As Tokyo prepares to host the inaugural Olympic 3x3 basketball, freestyle BMX and skateboarding events, youth-focused "street sports" are breaking new ground in Japan, providing unexpected benefits and opportunities in some unlikely places.

While the X-Games and the International Extreme Sports Festival, known as FISE, have showcased extreme and street sports worldwide since the mid-1990s, team sports, tennis and traditional Olympic sports like wrestling, gymnastics and swimming remain the most popular in Japan.

(Sora Shirai attempts a trick during the skateboarding competition at the Ark League on April 29, 2019.)

But alongside the inclusion of several new-generation sports on the 2020 Olympic program, more and more "urban" competitions are being held across the country, revealing a growing interest in what are generally considered young people's sports and bringing new opportunities for the next era of Japanese athletes.

And since these events can be hosted with minimal infrastructure outlay, with competitions requiring just the small, flat spaces found in any city, they can be held as part of local festivals in parks or other urban areas, making them cheap and attractive to cities looking to jump on the extreme sports bandwagon.

One such competition, called the Ark League, recently concluded its third annual international event in Samukawa, Kanagawa Prefecture, featuring BMX, skateboarding and, for the first time, breakdancing.

The Ark League was formed in 2017 from a merger of Flat Ark -- a BMX Flatland World Circuit competition started in Kobe in 2013 -- and Skate Ark, which was created shortly after skateboarding was given the tick as a new Olympic sport for the 2020 Games. Break Ark debuted this year as the festival's third offering.
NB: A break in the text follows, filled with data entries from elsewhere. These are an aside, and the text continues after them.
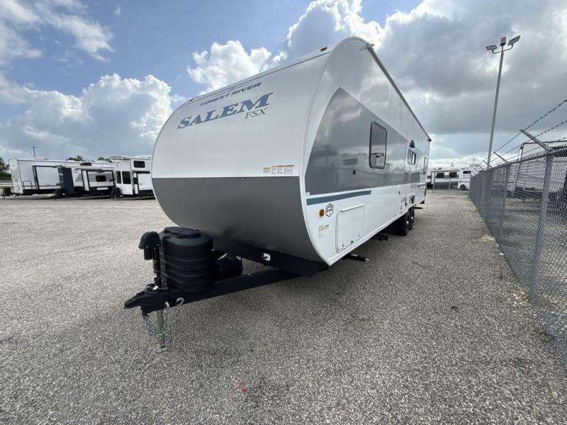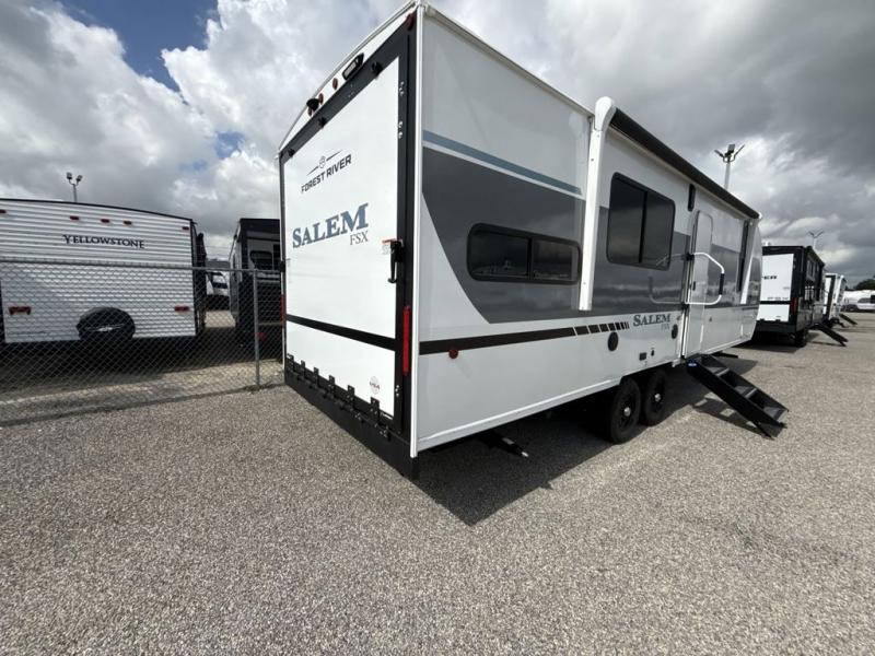 The Forest River Salem FSX travel trailers and toy hauler travel trailers are ultra comfortable and lightweight, perfect for first time or seasoned campers alike! You will love how easy it will be to relax with residential features that will make your space feel just like home, and the durable construction and easy to maintain fiberglass exterior means you can enjoy your RV for years to come. There are a wide variety of floorplans to choose from, including couple's trailers, bunk models, and toy haulers, all with full bath and kitchen amenities and plenty of storage for all your gear!
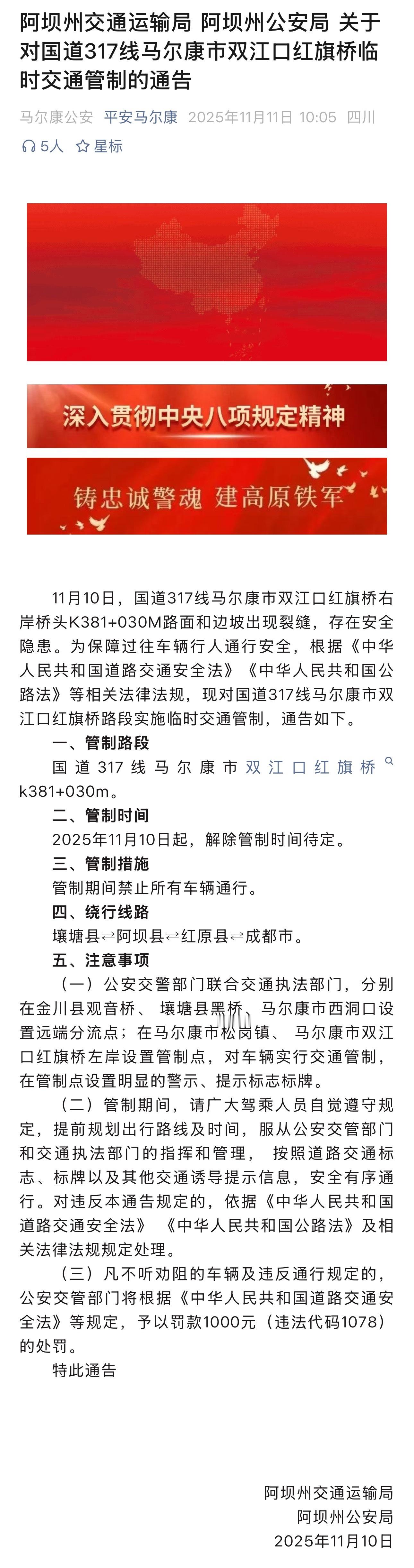 四川阿坝红旗特大桥发生垮塌,承建单位负责人要睡不着觉了!要知道今年1月份大桥才合
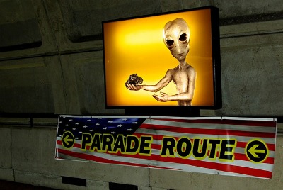 The alien parade is this way. Photo by philliefan_99.I don’t know about you, but I’m having flashbacks to October 2009, when the media went nuts about NASA “bombing” the moon. This week, it’s all about an innocent little press release they sent out announcing a press conference — they probably have one or two press conferences a week. Now, NASA sends out a press release when someone in Huntsville coughs in their cleansuit, so that everyone stopped fast when reading this one little line in our inboxes says something in itself — I admit it made me double-take, and I’m among those who delete most of these releases after glancing at the subject heading. That line?

Flat Ark was organized by 36-year-old Yohei Uchino, a legend in his native Kobe and in BMX circles around the world. Uchino, the BMX Flatland World Circuit champion for three years running from 2012 to 2014, set out to create "a contest for the riders, by the riders" in order to establish "an environment where riders can put on their best performance."

The way Uchino explains it, "From the scoring system to the waiting room to the air conditioning, everything is administered completely from the athlete's point of view. That way they can show off their real ability."

Top athletes from Japan and some of the sports' biggest names from across the world were invited to the April 27-29 Ark League in Samukawa.

Japanese 17-year-old Sora Shirai stood out, dominating the skateboard street competition and getting a boost of confidence ahead of May's Street League World Tour stop in London where he finished seventh, Japan's best result on the men's side.

Larger scale festival-style multi-discipline competitions -- like ESPN's X-Games and the France-born FISE, held in Hiroshima for the first time last year -- have enjoyed worldwide success, with the increased profile demonstrating the sports' promise to the International Olympic Committee which is looking to attract a younger audience.

As a result, skateboarding, freestyle BMX and 3x3 basketball were all added to the 2020 Summer Games program, while Paris 2024 organizers made headlines earlier this year by floating the possible inclusion of breakdancing.

The week before Ark League, Hiroshima hosted a FISE World Series event for the second straight year, which included competitions in breakdancing, BMX, sport climbing, skateboarding, inline skating, slacklining, parkour and "kendama," a Japanese variant of the cup-and-ball game.

High school b-boy Shigeyuki Nakarai, who won breakdancing bronze at the 2018 Summer Youth Olympics in Buenos Aires, finished runner-up at Ark League a week after commanding the men's field in Hiroshima.

(Shigeyuki Nakarai, right, performs in the breakdancing competition at the Ark League.)

Nakarai, who goes by the name Shigekix, has quickly become one of the faces of the new breed of sports in Japan, along with fellow teen breaker Ramu "Ram" Kawai, the first b-girl champion at the Youth Olympic Games last October.

The 17-year-old Nakarai, who is aiming to land on the Olympic podium should breakdancing feature in Paris in 2024, said that "Japan's (competitive) environment has improved" with events like the FISE World Series, allowing him the opportunity to hone his craft alongside some of the world's best.

(Shigeyuki Nakarai)

And while athletes enjoy the benefits of international competition, small cities and towns are also hoping to cash in on the events' global reach as a way to revitalize their stagnant economies.

Akira Hara, the policy chief of Samukawa's Department of Planning, lamented that the town, just 50 kilometers southwest of central Tokyo, finds it difficult to stand out despite boasting the largest population of all the towns and villages in the Kanto region.

"It would be good to raise our profile, but it was tough with nothing to offer besides the Samukawa-jinja Shrine," Hara said.

(Shigeyuki Nakarai)

After deciding a sports tournament might be the answer to the town's struggles, Hara said planners zeroed in on street sports since with "soccer and baseball, we couldn't differentiate ourselves from neighboring municipalities."

April's Ark League event was a success, attracting 25,000 people over three days. Hara said that by hanging banners around town, excitement built among locals and led to a bigger turnout, while the chairman of the event's executive committee, Akira Kato, said the success provided motivation and impetus to put on similar events in the future.